◆ WHAT YOU HAVE TO DO: In your copy of the entries, please include no pictures and return every word exactly.

- Opening Delimiter -

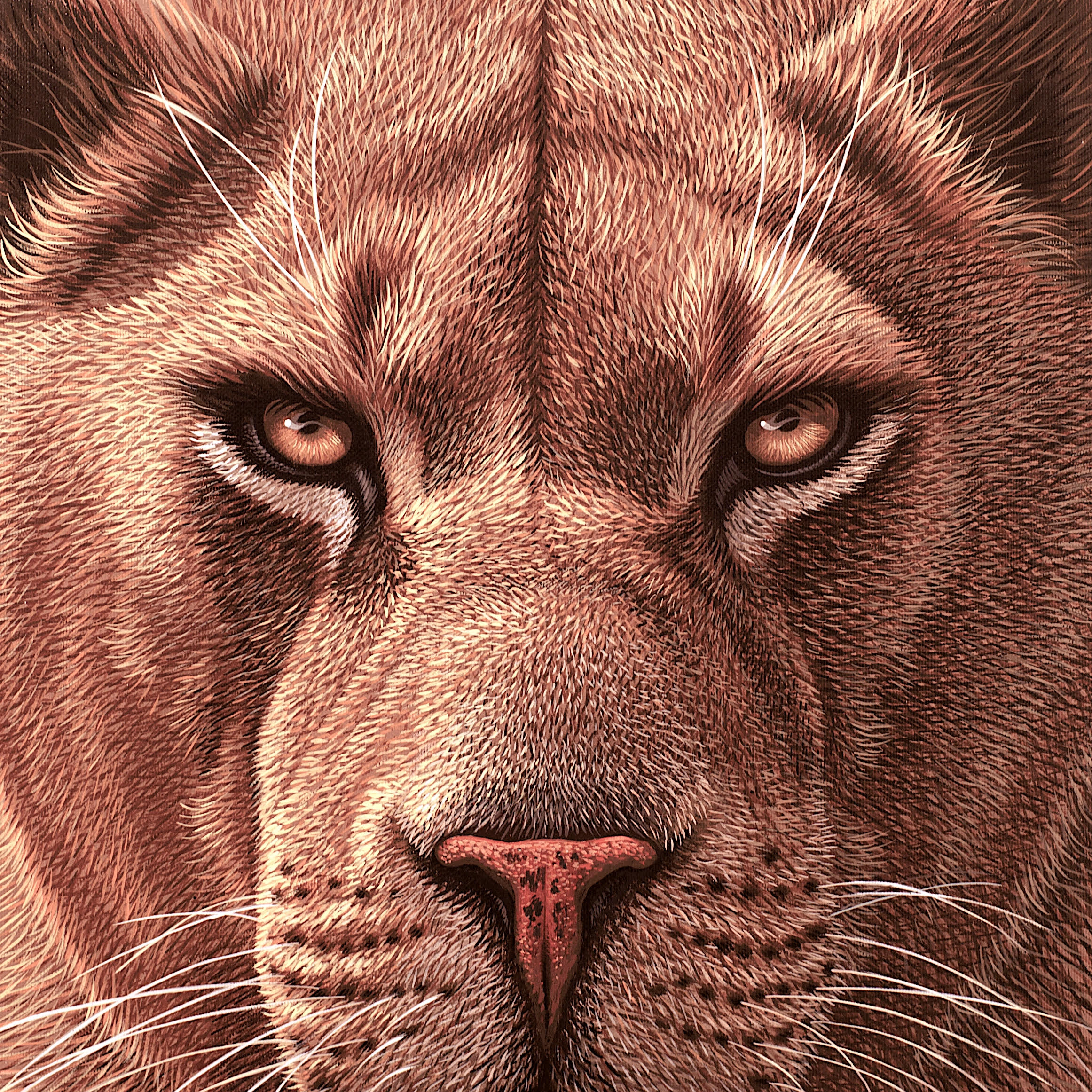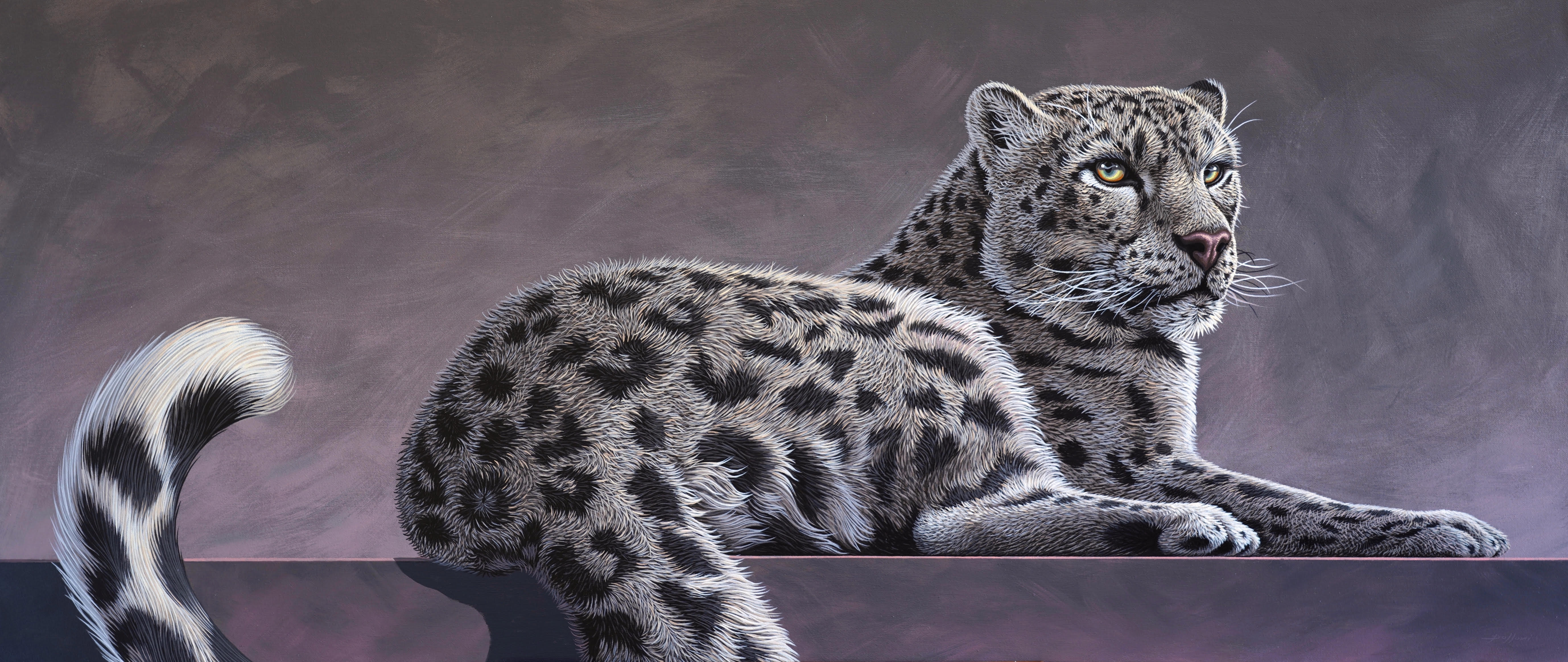 Gli animali di Polloni, infatti, presuppongono uno sguardo che va al di là delle apparenze. Sono resi mediante pose teatrali debitrici della prospettiva barocca. Il boccascena diventa la ‘linea’ che introduce lo sguardo nella dimensione dell’infinito, attraverso atmosfere iridescenti: lo spazio che si crea è uno spazio altro. Entro questa nuova dimensione l’animale si atteggia regalmente, in un’ottica affine a quella delle raffigurazioni rinascimentali, guardandoci negli occhi, catturando qualcosa del nostro sguardo umano per conservarlo intatto. È evidente la consapevolezza di essere osservati. Ma loro non sono in posa, non sono umanizzati. Sembrano, piuttosto, placidamente soddisfatti di sé.
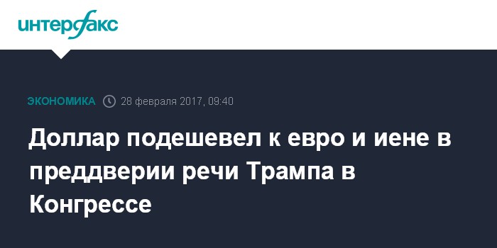 Москва. 28 февраля. INTERFAX.RU - Доллар США слабо дешевеет относительно евро и иены во вторник, несмотря на рост ожиданий повышения базовой процентной ставки Федрезервом после выступления главы Федерального резервного банка (ФРБ) Далласа Роберта Каплана. Внимание трейдеров во вторник направлено на выступление президента США Дональда Трампа в Конгрессе. Участники рынка рассчитывают на то, что он обнародует подробности запланированной налоговой реформы, реформы здравоохранения, расходов на инфраструктуру.
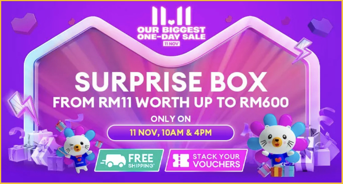Lazada 惊喜礼盒最低只需RM11,价值高达RM600!11月11日当天分为2个时段(10am及4pm)推出该优惠活动,记得抢购咯~
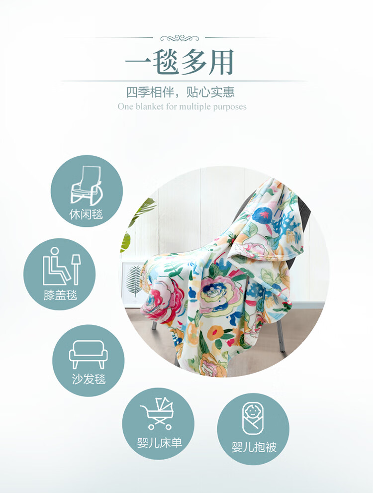 富安娜 毛毯 摩卡时光时尚多功能毯 休闲毯午睡空调毯毛巾被盖毯80x120cm
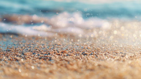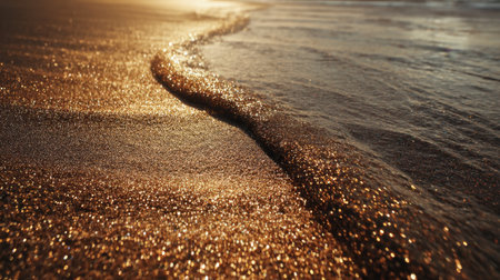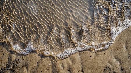 A close up of a sandy beach with waves crashing onto the shore, showcasing the beauty of natures water and wind waves in a natural landscape AIG50
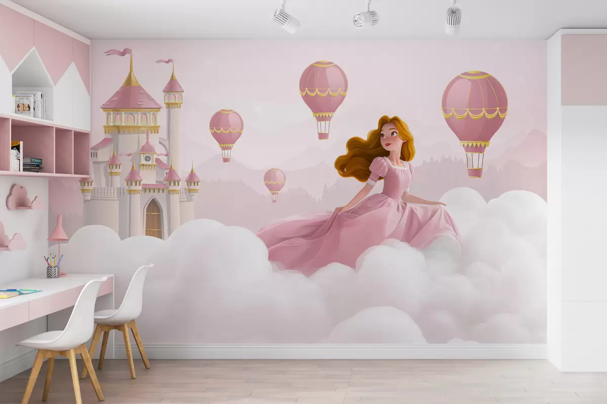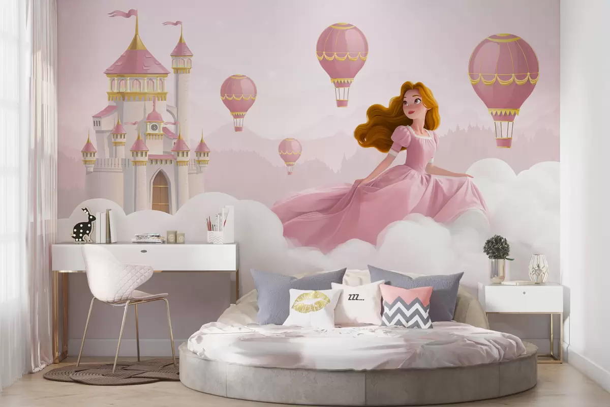 Тапете за зид Принцеза међу облацима на позадини пејзажа са замком бр. w04015v1
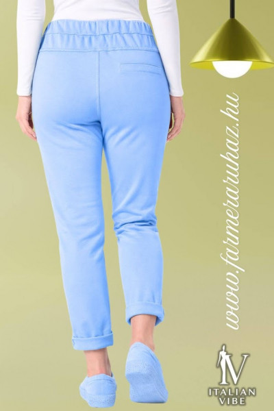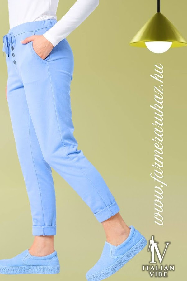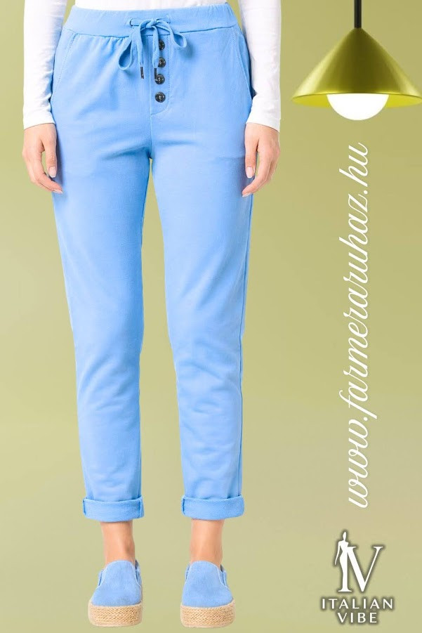 Italian Vibe női gombos pamut nadrág, világoskék színben, elasztikus és húzózsinóros derékrésszel, svédzsebekkel, álfarzsebbel, enyhén szűkülő szárral.

- Closing Delimiter -

◆ RESULT FOR THIS EXERCISE:
 Gli animali di Polloni, infatti, presuppongono uno sguardo che va al di là delle apparenze. Sono resi mediante pose teatrali debitrici della prospettiva barocca. Il boccascena diventa la ‘linea’ che introduce lo sguardo nella dimensione dell’infinito, attraverso atmosfere iridescenti: lo spazio che si crea è uno spazio altro. Entro questa nuova dimensione l’animale si atteggia regalmente, in un’ottica affine a quella delle raffigurazioni rinascimentali, guardandoci negli occhi, catturando qualcosa del nostro sguardo umano per conservarlo intatto. È evidente la consapevolezza di essere osservati. Ma loro non sono in posa, non sono umanizzati. Sembrano, piuttosto, placidamente soddisfatti di sé.
 Москва. 28 февраля. INTERFAX.RU - Доллар США слабо дешевеет относительно евро и иены во вторник, несмотря на рост ожиданий повышения базовой процентной ставки Федрезервом после выступления главы Федерального резервного банка (ФРБ) Далласа Роберта Каплана. Внимание трейдеров во вторник направлено на выступление президента США Дональда Трампа в Конгрессе. Участники рынка рассчитывают на то, что он обнародует подробности запланированной налоговой реформы, реформы здравоохранения, расходов на инфраструктуру.
Lazada 惊喜礼盒最低只需RM11,价值高达RM600!11月11日当天分为2个时段(10am及4pm)推出该优惠活动,记得抢购咯~
 富安娜 毛毯 摩卡时光时尚多功能毯 休闲毯午睡空调毯毛巾被盖毯80x120cm
 A close up of a sandy beach with waves crashing onto the shore, showcasing the beauty of natures water and wind waves in a natural landscape AIG50
 Тапете за зид Принцеза међу облацима на позадини пејзажа са замком бр. w04015v1
 Italian Vibe női gombos pamut nadrág, világoskék színben, elasztikus és húzózsinóros derékrésszel, svédzsebekkel, álfarzsebbel, enyhén szűkülő szárral.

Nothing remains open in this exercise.